He was ancient evil… I have metrics (part 2)


Part One

Precision is a lonely religion.

I don’t carry the laptop because it’s a tool. I carry it because it’s the only thing in this building that doesn’t lie to me.

The associates lie. They lie with their bodies, dragging their feet across the concrete as if the laws of physics don’t apply to the 02:00 PM shift. They lie with their eyes, looking for “meaning” in the racking. There is no meaning. There is only Throughput.

When I arrived, the facility was bleeding. Seven percent leakage in the third hour. TOT spikes that looked like a heart attack on a monitor. They were managed by men who used words like “morale” and “burnout.”

I don’t use those words. I use Resources.

I found the Resource on a Tuesday.

It wasn’t a possession. It was a resource.

I felt a pressure change in the air—a sudden, dense pocket of probability that the local sensors couldn’t categorize. Most people would have felt fear. I felt a Market Opportunity. I didn’t care that it predated the “tally mark”. I didn’t care that it had “toppled kingdoms.”

Kingdoms are just poorly managed departments with bad succession plans.

I opened a new tab. I funneled that ancient, raw processing power into my Enhanced Algorithmic Modeling System (EAMS). The results were… exquisite. The predictive models didn’t just guess; they knew. I could see a bladder failure forty minutes before the associate felt the urge.

The Resource screamed. I simply adjusted the Output Requirements.

The Human Element.

I walked to Station 42-B. The associate there—a bottom-quartile unit—clutches a notebook like it’s a shield.

I don’t say “bathroom.” I say time off task.

I don’t say “exhausted.” I say engagement opportunity.

The unit looked at me today and said “biological necessity.”

I didn’t blink.
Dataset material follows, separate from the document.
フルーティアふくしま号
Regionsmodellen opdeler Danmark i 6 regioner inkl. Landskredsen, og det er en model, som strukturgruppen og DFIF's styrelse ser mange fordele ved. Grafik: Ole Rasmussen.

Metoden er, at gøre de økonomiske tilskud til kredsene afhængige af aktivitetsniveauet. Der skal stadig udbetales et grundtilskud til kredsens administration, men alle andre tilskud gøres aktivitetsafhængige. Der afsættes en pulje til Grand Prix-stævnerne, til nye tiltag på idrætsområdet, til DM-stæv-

I didn’t look up from the screen. My skin is the color of the office walls—unmarked by the sun, untouched by the humidity of the floor. I don’t know his name; his ID badge represents a 14% deviation in the quarterly average.

“We prefer time off task,” I told him. My voice was pleasant.
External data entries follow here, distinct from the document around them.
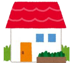
いっこだ 一戸建て
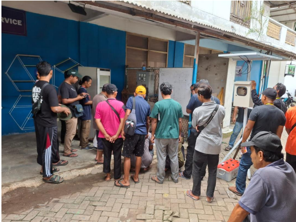
Gambar 3.1 pelaksanaan perakitan solar panel

Selain peningkatan pemahaman teoritis, kegiatan pelatihan ini juga memberikan pengalaman praktis kepada peserta dalam merakit panel surya sederhana. Pada tahap praktik, peserta dibagi menjadi beberapa kelompok kecil untuk melakukan perakitan panel surya secara langsung dengan pendampingan dari tim pengabdian. Kegiatan praktik meliputi proses penyusunan sel surya pada papan panel, penyolderan kawat penghubung antar sel, pemasangan kabel keluaran, serta pengujian tegangan listrik menggunakan multimeter.
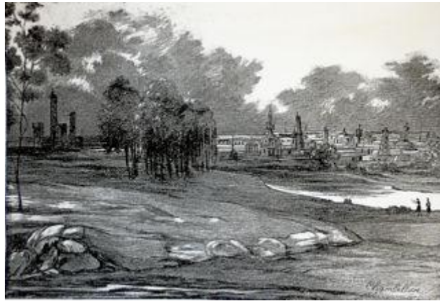
Figure I - La ville nouvelle de Saint-Simon, dessin de Chambellan, Le Charivari , 8 juin 1833.
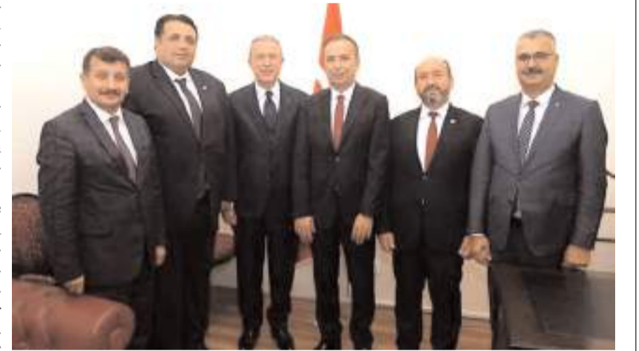
Çorum heyeti Kasım 2019'da Hulusi Akar'la görüşme yapmıştı.

In that moment, the Resource inside my hardware tried one last, desperate hostile takeover. It forced a word through my larynx.

Priest.

I felt the vibration in my throat. It was a glitch. I simply recalibrated the predictive arc and the “demon” subsided back into the code.
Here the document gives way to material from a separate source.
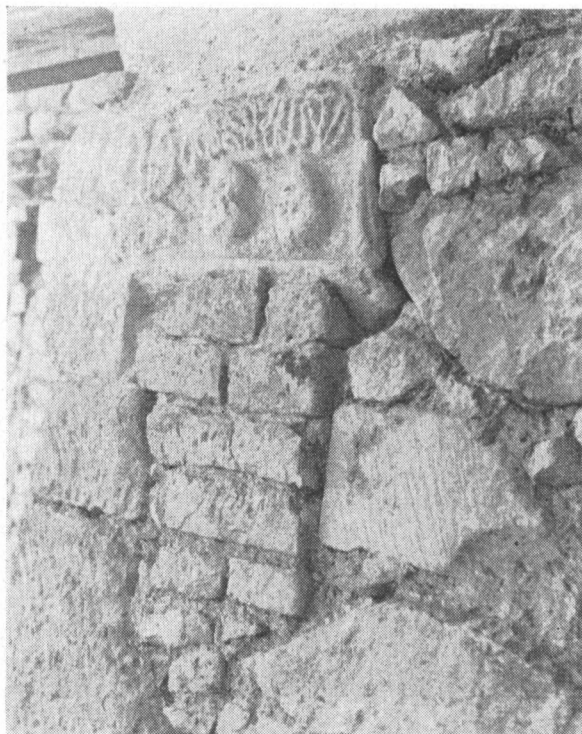
Obr. 2. Severovýchodné nárožie veže so sekundárne zamurovanou reliefnou hlavou z 11. storočia.

Pri plošnom odkryve sme zistili existenciu značného množstva sekundárne použitých kamenných profilovaných článkov, ktoré pochádzali zo starších stavebných etáp. V týchto troch postupne budovaných stavbách, sme našli profilované neraz i polychromované kamene renesančné, zo 16. storočia, gotické zo 14. ev. zač.

Some say I am the greater evil. It’s not evil to deliver feedback to a 33 year old Irishman who spends 5 minutes in the restroom. He shouldnt have partied too hard last night at the pub with all the other bottom performers. Nor is it “evil” to track a ninety-four-year-old woman’s hand tremors. It’s Data Integrity. My job is to ensure the building remains a perfect, frictionless machine.

The resource kept insisting that his manager once had the courtesy to address a bottom percentile named “Job” by his name as he tortured… err, delivered feedback. What a waste of time. “Job” was simply a performance metric

The Loss…

I love the wellness rotation.

Most of my peers find it tedious, but I enjoy the synchronization. Seeing the entire floor move in unison to the synthetic beat of the music—it’s the one time the human resources actually look like a functional system. I stood at the front, leading the torso rotations with an optimized, “approachable” smile.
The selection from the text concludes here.